Friday, July 6, 2012

173/656 - Candied peel

I have a love/hate relationship with lemons. 

I love everything about the way lemons taste. I love their versatility and of course I love the ridiculous amount of ways in which lemons can enhance a dish. What I don't like about lemons is that I often have them given to me in large quantities and, whilst I do use a good number of them, the last handful always seem to go off and I am left pulling dusty green balls from the bottom of my crisper. Never a pleasant experience. 

My gorgeous friend Emily, who has an enormous lemon tree of which I am extremely envious, bestowed upon me a bulging bag of fruit and I made a vow to put every last lemon to good use. So last weekend I propped myself at the bench and juiced, zested and candied until I was spent. I now have a freezer stuffed with frozen blocks of juice and pre-grated zest and am feeling mighty organised and ever so pleased that no lemon was wasted in the process. 

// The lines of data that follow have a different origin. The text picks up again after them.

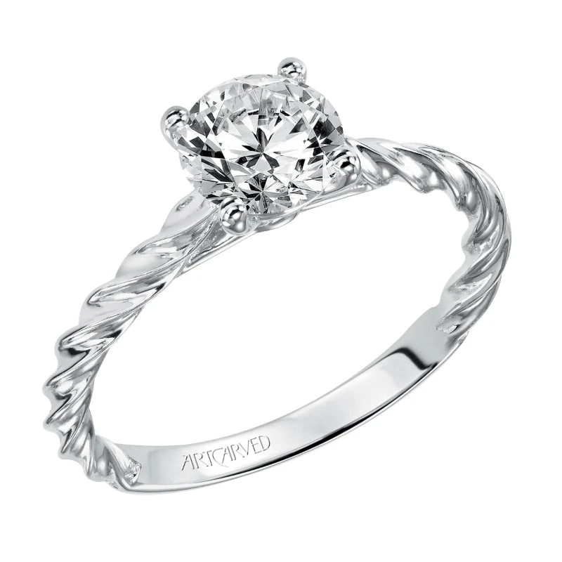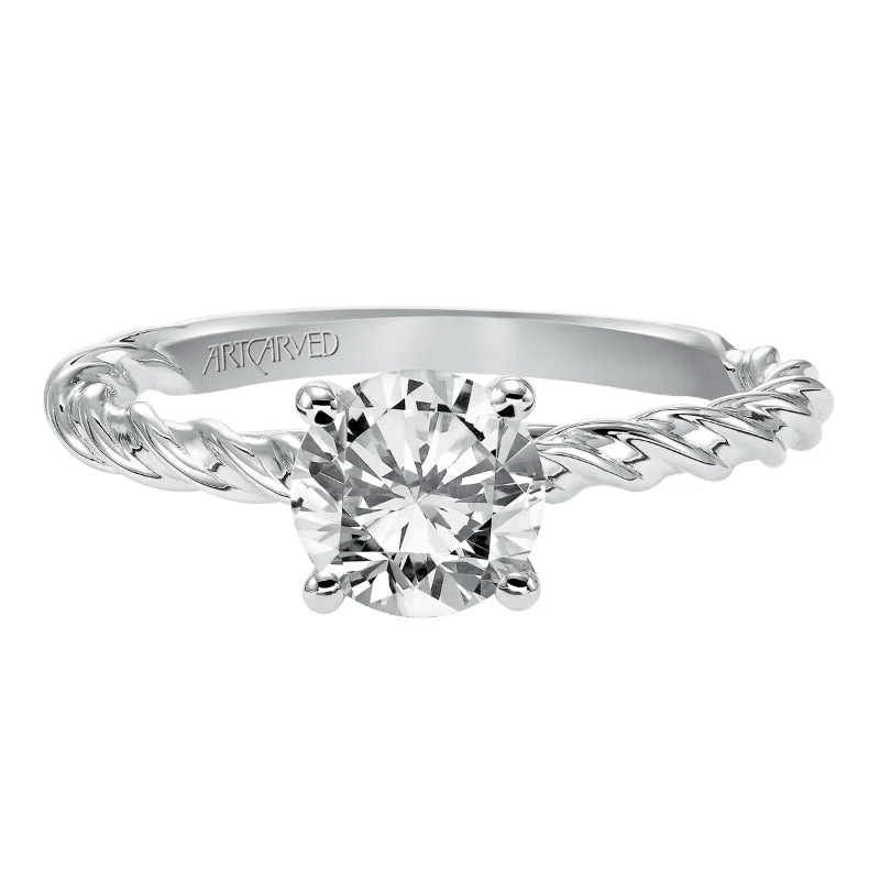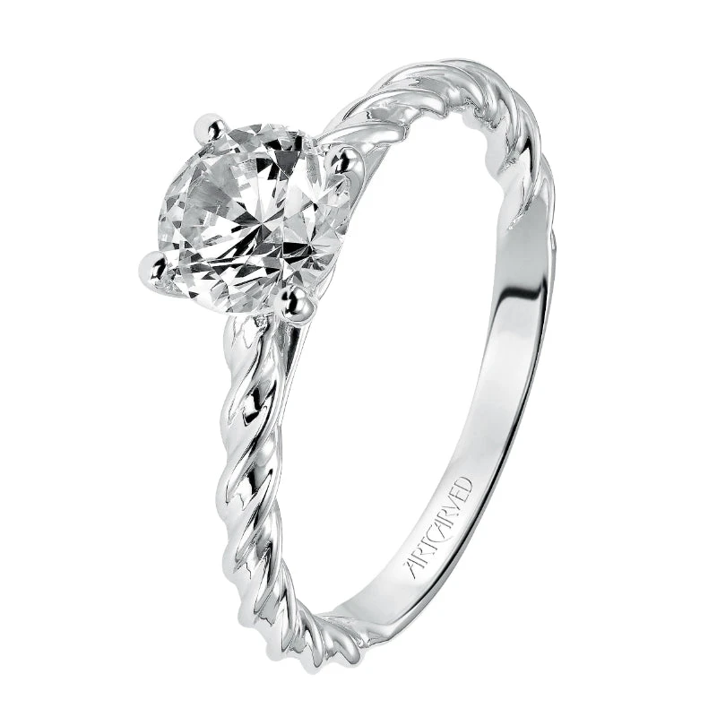 SKU: Y2ZYA 82313955576631 Categories: Engagement Rings, Solitaire Tags: Category_l1: Engagement Rings>Solitaire, Category_l2: Solitaire, Category_tree: Engagement Rings>Solitaire, Center_stone_shape: Round, Collection: Rope, Designer: ArtCarved Bridal, Gemstone_setting: Prong, Gender: Women, Metal_color: White, Metal_type: 14k Gold, Type_of_gemstone: Cubic Zirconia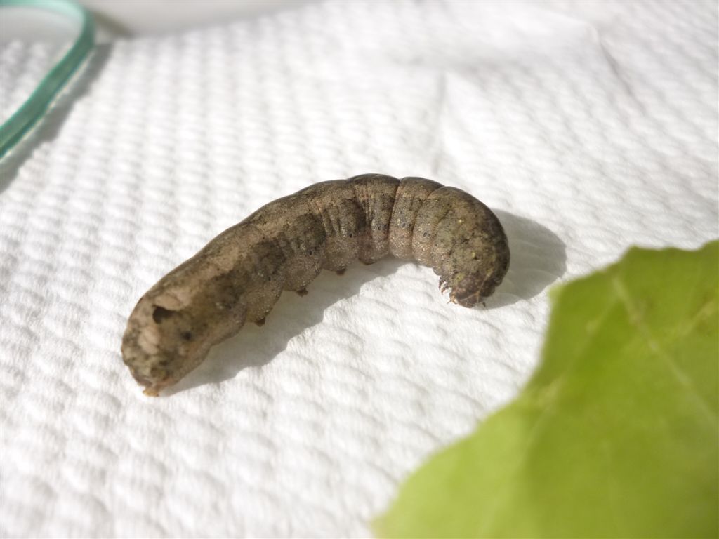Lago D'Averno(NA), 21 ottobre. Lungo il percorso, in prossimità delle canne(solo per caso immagino), ho trovato questo bruco. Era molto affamato, una volta a casa ha fatto fuori enormi quantità di insalata!E'aumentato velocemente di dimensioni(ed era già cicciottello quando l'ho trovato!), e dopo pochi giorni si è impupato. E' possibile identificarlo??Grazie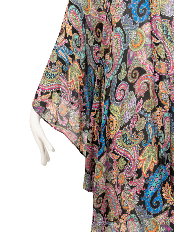 Multicolored viscose paisley printed poncho fitted at the side seams with a 14.5 inch length seam down the right and left sides, along with v-neckline, and asymmetrical hem.
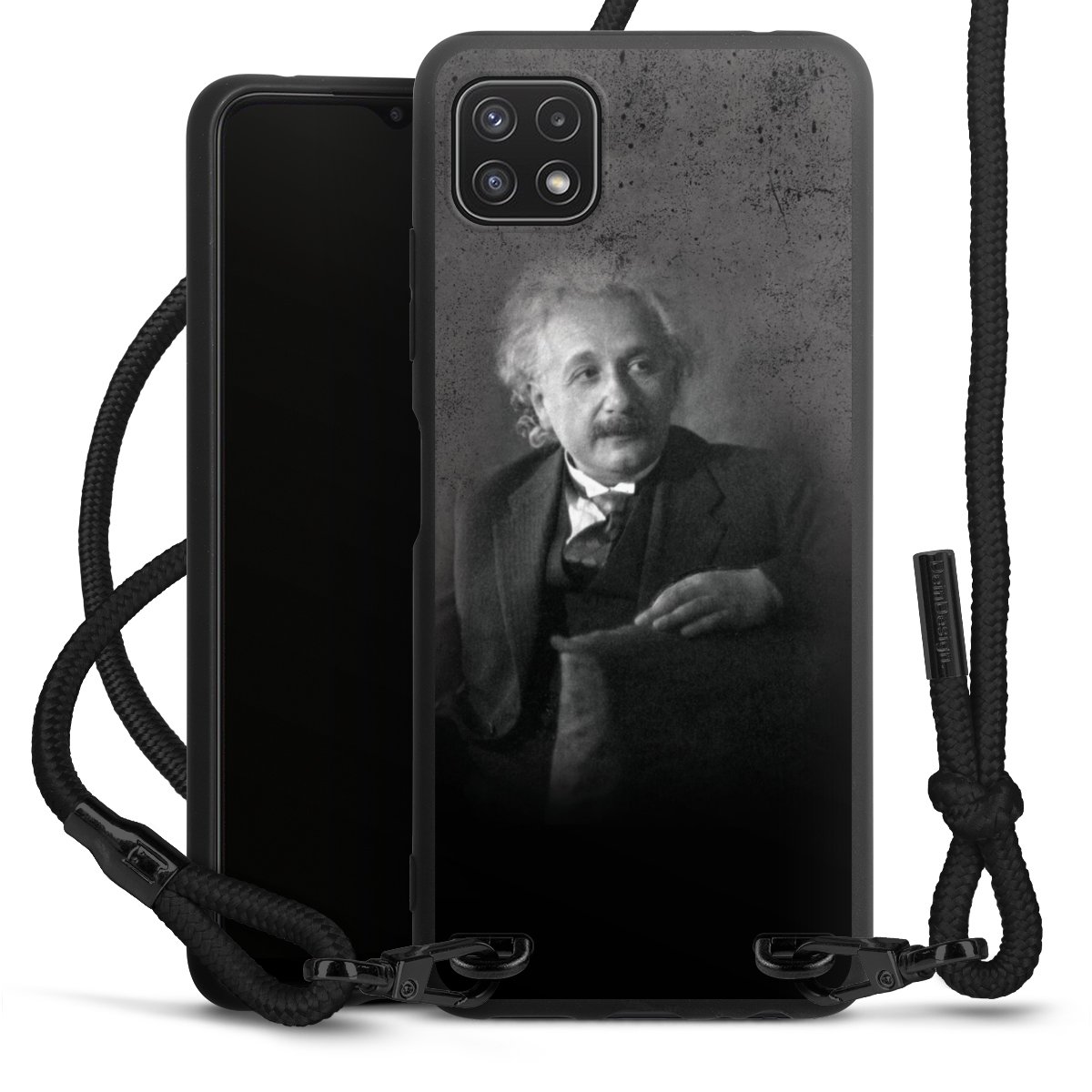 The matt black silicone case is made of flexible TPU (thermoplastic polyurethane) and offers robust protection. The durable, unbreakable material makes the cover flexible and dimensionally stable at the same time. The matte surface makes your design stand out more and is less susceptible to fingerprints and dirt. The stylish trend accessory fits comfortably in the hand and is perfectly complemented by the fabric (polyester) mobile phone strap. The braided fabric strap is approx. 1.70 metres long with a diameter of approx. 0.5 cm. Due to the special knotting technique, the length of the strap can be adjusted by simply pulling it, so that you can adapt it individually to your wishes. The practical case to wear around your neck is available with the fabric strap in black. As a little icing on the cake, we have provided the strap with a chic metal fastener in matt black. The strap is securely fastened to the case with loops made of high-quality genuine leather and press studs. The ends of the fabric strap are covered with metallic end caps and thus protected from fraying.

The candied lemons were on the stove at the same time as my lovely gumbo, and so being slightly distracted and a bit dizzy due to hunger (see previous post) I think I took them off the heat a bit too soon.  After a day or two on the rack they had dried nicely but were nowhere near as sweet as I had hoped. Luckily I had kept the lemony sugar syrup they were cooked in (it was great on pancakes too!) and used it to give my rind a lovely, sugary second dip. 

A few days in the dehydrator later and my candied rind is finally dried, very sweet and ready to be baked inside something amazing.